Problem to work on — Leave out the pictures and output the data verbatim.

Provided material —
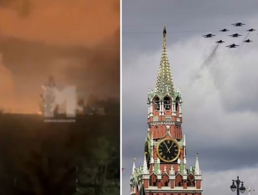 왼쪽은 현지시간으로 6일 새벽 우크라이나군이 러시아 수도 모스크바를 향해 대규모 드론 공습을 가하면서 화재가 발생한 모습, 오른쪽은 지난 5일 전승절 기념 군사 퍼레이드 훈련이 진행된 모스크바의 모습. AP 연합뉴스 |
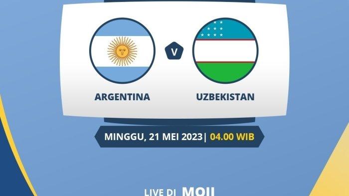 Jadwal tayang siaran langsung gratis dan Live Streaming Moji TV laga Argentina vs Uzbekistan malam ini adalah jam 04.00 WIB.
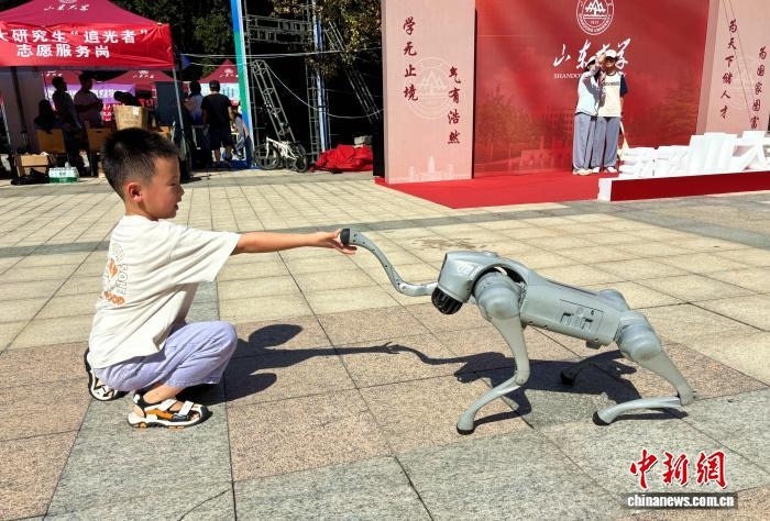 9月2日,山東濟(jì)南,一名小朋友在山東大學(xué)迎新現(xiàn)場和四足機(jī)器人握手。高藝芯 攝
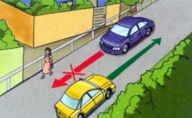 3、在狭窄的坡路,上坡的一方先行,但下坡的一方已行至中途而上坡的一方未上坡时,下坡的一方先行。
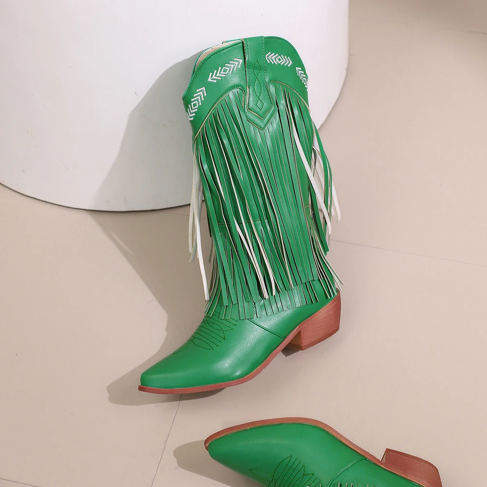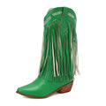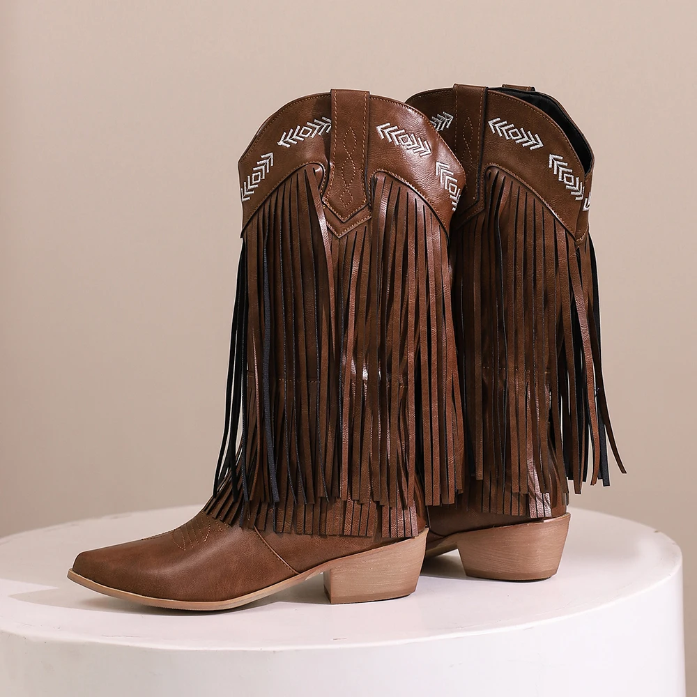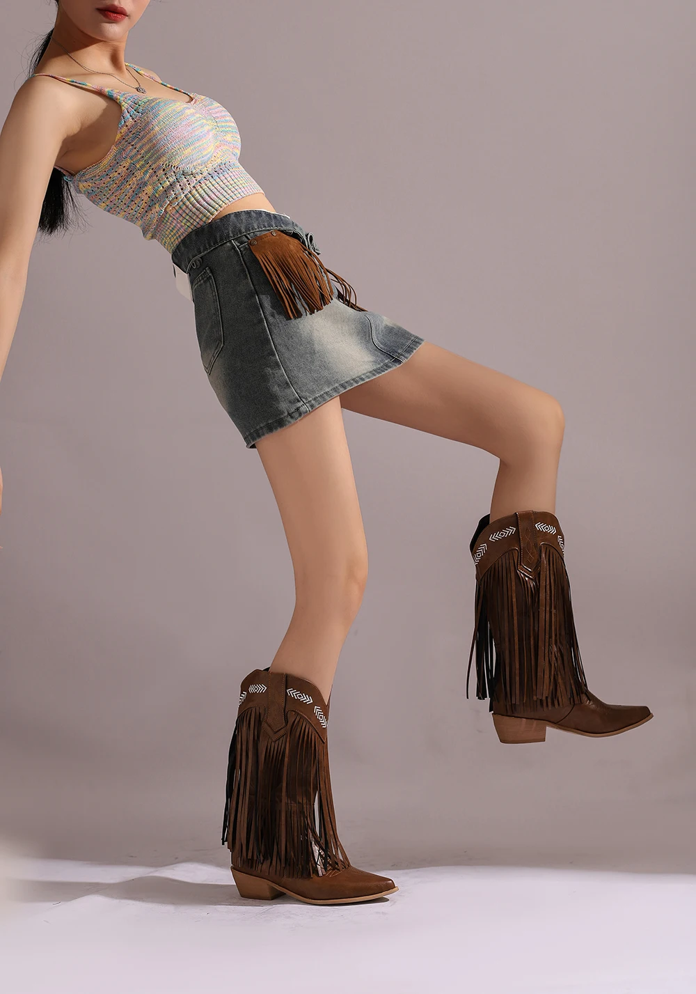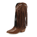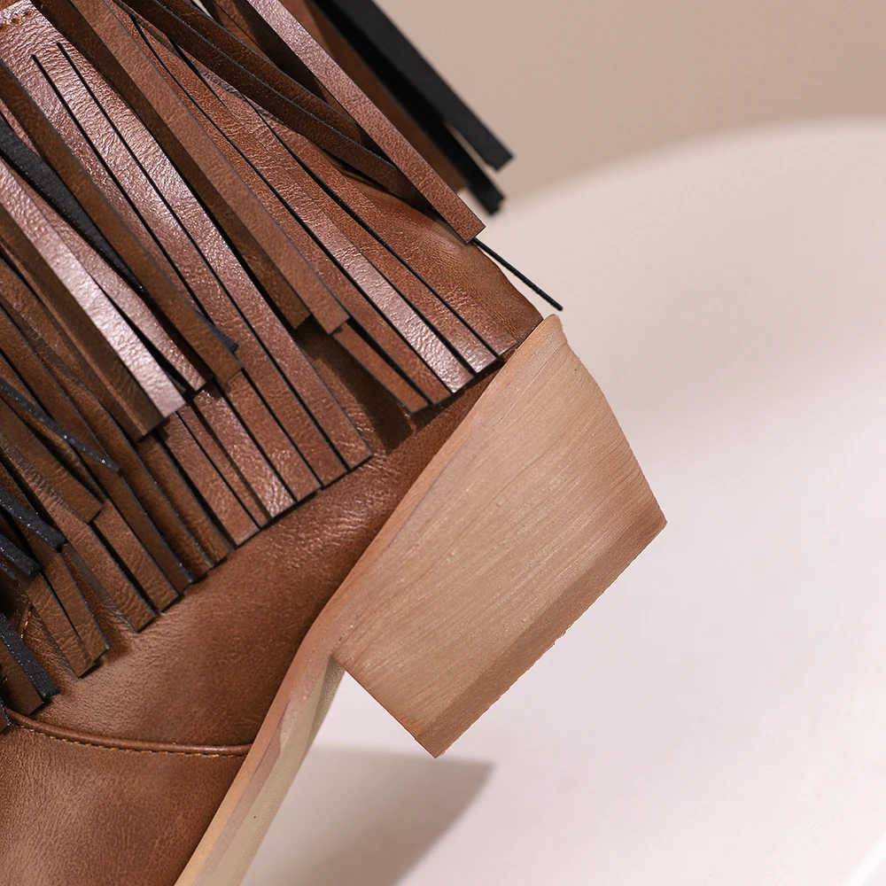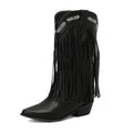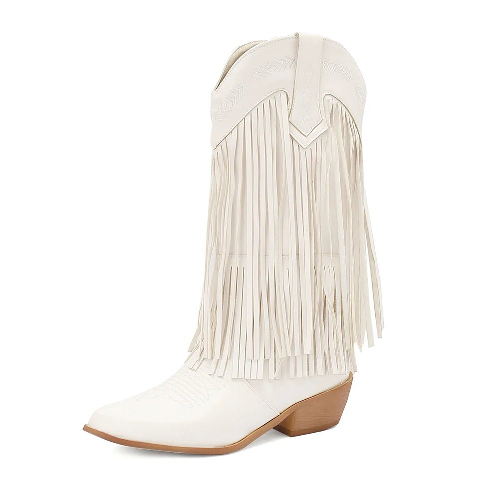 These retro-inspired mid-calf western boots feature a pointed toe, soft plush lining, and stylish fringe detailing for a standout winter look. Designed with a comfortable square heel and slip-on fit, they offer both fashion and warmth for everyday wear.

Written solution —
 왼쪽은 현지시간으로 6일 새벽 우크라이나군이 러시아 수도 모스크바를 향해 대규모 드론 공습을 가하면서 화재가 발생한 모습, 오른쪽은 지난 5일 전승절 기념 군사 퍼레이드 훈련이 진행된 모스크바의 모습. AP 연합뉴스 |
 Jadwal tayang siaran langsung gratis dan Live Streaming Moji TV laga Argentina vs Uzbekistan malam ini adalah jam 04.00 WIB.
 9月2日,山東濟(jì)南,一名小朋友在山東大學(xué)迎新現(xiàn)場和四足機(jī)器人握手。高藝芯 攝
 3、在狭窄的坡路,上坡的一方先行,但下坡的一方已行至中途而上坡的一方未上坡时,下坡的一方先行。
 These retro-inspired mid-calf western boots feature a pointed toe, soft plush lining, and stylish fringe detailing for a standout winter look. Designed with a comfortable square heel and slip-on fit, they offer both fashion and warmth for everyday wear.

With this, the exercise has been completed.